The get_addresses('from') method returns the from address as a list containing both the sender’s name and address. In this case I only wanted the address. You could also use (‘to’), (‘cc’), and (‘bcc’).

We can also get the subject and the body of the email using the following line of code:

# Subject
print(temp_message.get_subject())

#HTML body
print(temp_message.html_part.get_payload().decode(temp_message.html_part.charset))

# Text body
print(temp_message.text_part.get_payload().decode(temp_message.text_part.charset))

Getting the body of the email is evidently a little more involved. Emails can be sent as HTML, plaintext, or both. A solution could be doing something like this:

if temp_message.text_part != None:
    temp_email_body = temp_message.text_part.get_payload().decode(temp_message.text_part.charset)
else:
    temp_email_body = temp_message.html_part.get_payload().decode(temp_message.html_part.charset)

Method Two:

We can also use the email library to parse our emails into something intelligible for us mere mortals.

email_uid = 5

raw_msg = imap_obj.fetch([email_uid], 'RFC822')
email_message = email.message_from_bytes(raw_msg[email_uid][b'RFC822'])

In the above example we add 'RFC822' as our data perimeter the parameters in the fetch() method. Then we pass the fetched message, the UID, and the b' bytes prefix to the message_from_bytes() method.

Our email_message variable is a email.message.Message class which means we can request some information from it.
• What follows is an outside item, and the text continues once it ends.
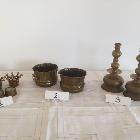 4 smukke ældre messing fyrfadsstager samt skøn Hjerteskål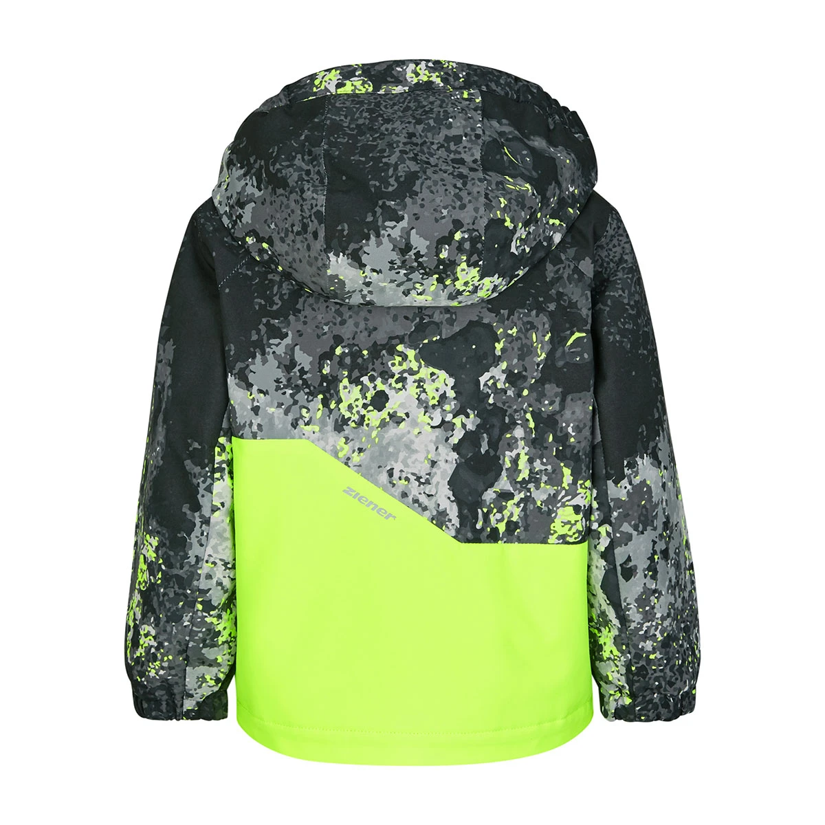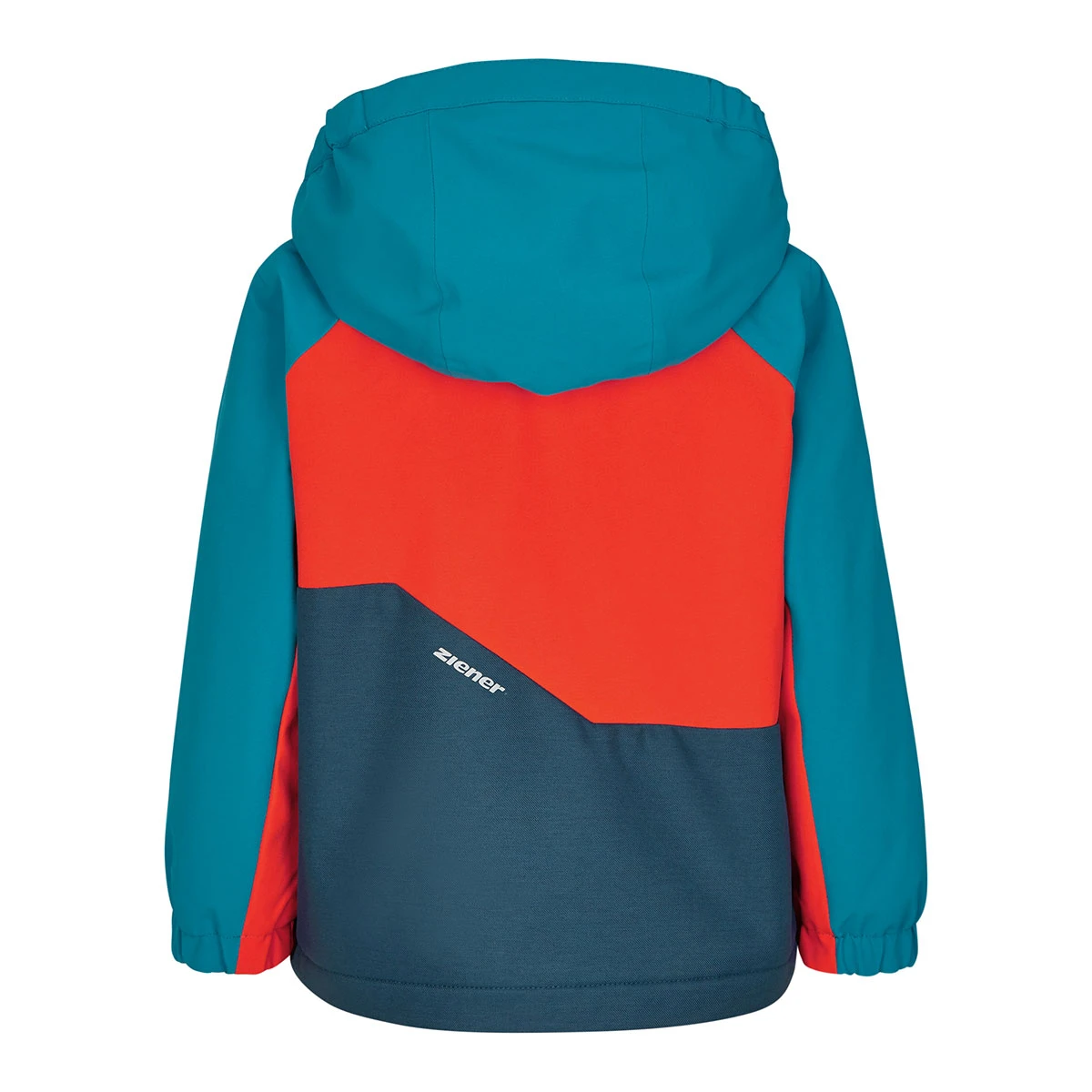Die funktionelle, wattierte ZIENER Schneejacke ANDERL MINI für Kleinkinder hält dank Alpenlandwolle (120g/m² Wattierung) bei kaltem Wetter zuverlässig warm. Zusätzlich ist sie mit der atmungsaktiven, wasser- und winddichten ZIENER AQUASHIELD® Membran (Wassersäule 10.000mm/Atmungsaktivität 10.000g/m²/24h) ausgestattet, die für ein warmes und trockenes Klima sorgt. Wärmendes Futter am Rücken sorgt für zusätzliche Isolierung und weiche, elastische Bündchen am Ärmelende garantieren einen perfekten Sitz. Die Jacke punktet mit weiteren Details wie verschweißte Nähte, einer Befestigungsmöglichkeit für Handschuhe und reflektierenden Designelementen. Dank der umweltfreundlichen Imprägnierung ist sie PFC frei. Die Kapuze entspricht der Norm DIN EN 14682 für Sicherheit von Kinderbekleidung. Besonders an den Produkten der MINI-Kollektion ist die extrem weiche Haptik bei gleichzeitig hoher Robustheit – perfekt, um stundenlang im Schnee herumzutollen.

For example:

print(email_message["from"])
print(email_message["to"])
print(email_message["subject"])

You could also loop through numerous emails using the following:

for uid, message_data in imap_obj.fetch(email_uids, 'RFC822').items():
    email_message = email.message_from_bytes(message_data[b'RFC822'])
    print(email_message["from"])
    print(email_message["to"])
    print(email_message["subject"])

When we call on the fetch() method it returns both the UID and the email data that we can conveniently pass through to the message_from_bytes().

I hope something I’ve gone over is helpful and sparked an interest in doing something with Python and emails.